Al termine della costruzione i vescovi giapponesi si ritrovano di nuovo di fronte al "fatto compiuto" neocatecumenale. Si aspettavano la chiusura della vecchia sede in affitto (costoso affitto), scoprono che il neocatecumenalismo ha costruito una nuova sede a loro insaputa. Scoprono che Fukahori era venuto meno alla parola data (inventandosi un alibi a posteriori sulla "libertà dei singoli vescovi" e sulla presunta "volontà del Papa" fabbricata nella visita ad limina, alibi evidentemente suggeritigli dal solito grosso super-catechista: i kikolatri sono talmente avvezzi alla menzogna e all'inganno, che chiedono ai vescovi di mentire e ingannare per difendere gli interessi della setta). Ma la notizia trapela e la sporca faccenda del seminario neocatecumenale diventa di pubblico dominio fra i cattolici giapponesi. (Taniguchi afferma pure che "almeno 4 o 5 vescovi" non erano ostili, il che ci fa pensare che sia ben possibile che siano stati oliati e rabboniti dai kikolatri, per creare divisione fra i vescovi giapponesi, quanta ne basterebbe per derubricare la discussione a una questione di opinioni; in questo dobbiamo riconoscere che i kikolatri sono eccellenti nella pianificazione dei dettagli, sanno già che le loro furbate e le loro perfidie verranno riconosciute come tali, e quindi si premuniscono corrompendo e "oliando" per difenderle).

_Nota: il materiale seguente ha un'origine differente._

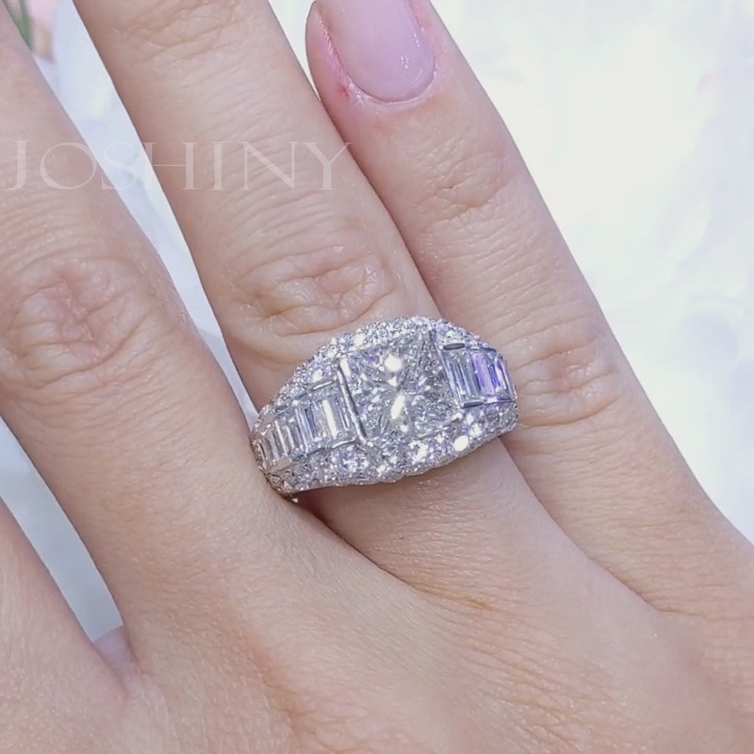 This chic engagement ring has an AGI certified clarity enhanced 2.22ct princess cut central diamond, set in Platinum setting with additional 3.10ct of baguette and round diamonds on the sides.The ring holder is made of 925 silver throughout and plated with thick gold, which makes the lustre more lasting compared to other single layer plating. The style is personalised and gorgeous, bringing more possibilities for your fashion matching.
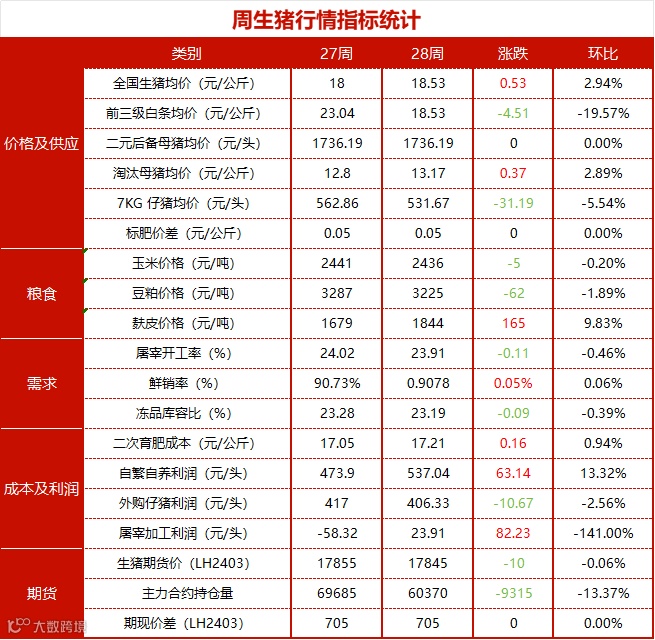 第28周全国生猪出栏均价在 18.53 元/公斤,较上周上涨 0.53 元/公斤,环比上涨2.94%,同比上涨 33.02%。本周猪价震荡上行,情绪坚挺有所支撑,价格重心偏强上移。供应方面来看,企业出栏节奏平缓,市场多有控量抬价操作,养户出货灵活分批为主,短期供应表现较平稳。需求方面来看,天气炎热,终端白条批发依旧烂市表现,屠企宰量及鲜销情况仍较一般,不过二育动态稍显积极,对猪价略有支撑。整体来看,供需阶段性博弈僵持,二育动态提升支撑情绪,但涨价后或有降温,中旬规模场出栏增量预期仍存,消费暂无明显好转,短期行情震荡盘整、价格窄幅波动。

Il presbikiko giapponese non può non menzionare il fatto che due laici della diocesi querelarono il vescovo Fukahori ma si guarda bene dal chiarire il vero motivo. Il motivo, di cui parlammo sul nostro blog già molti anni fa è che Fukahori nelle sue lettere pastorali del 2000-2001 li aveva pubblicamente diffamati (nel Cammino funziona sempre così, ti fanno l'omelia "contro", ti fanno la lettera pastorale "contro", facendo pure nomi e cognomi), per cui lo avevano denunciato anche in sede civile.
Riguardo all'evoluzione della denuncia, Taniguchi ricama molto sulle già poco credibili favolette insinuando che i due querelanti fossero "molto litigiosi" e che in passato avessero portato avanti altre querele (nel Cammino infatti si sconsiglia fortemente di querelare per difendersi, "Non Resistete Al Male"...). Ma l'argomento "molte querele", anche se fosse vero, non implicherebbe automaticamente che sei "litigioso": potresti benissimo aver avuto validi motivi ogni volta. Specialmente nella querela più recente. Taniguchi menziona poi il rischio che il caso venisse portato avanti fino all'equivalente giapponese della Cassazione, con un'escalation legale che la conferenza episcopale giapponese certamente non avrebbe gradito: dobbiamo dedurre che la vera paura di Taniguchi e dei neocatecumenali fosse invece veder attivarsi un pubblico dibattito sulle porcate neocatecumenalizie (immaginate che spasso se un telegiornale menziona l'obbligatorietà della "decima" o le confessioni pubbliche), o che ci fossero altri sconcertanti segretucci da mantenere (l'edificio non era del tutto a norma? il giro di soldi non era del tutto limpido? i debiti inflitti alla diocesi non erano del tutto giustificati? e le comunità neocatecumenali non avevano esattamente rendicontato le "decime" e raccolte fondi?...).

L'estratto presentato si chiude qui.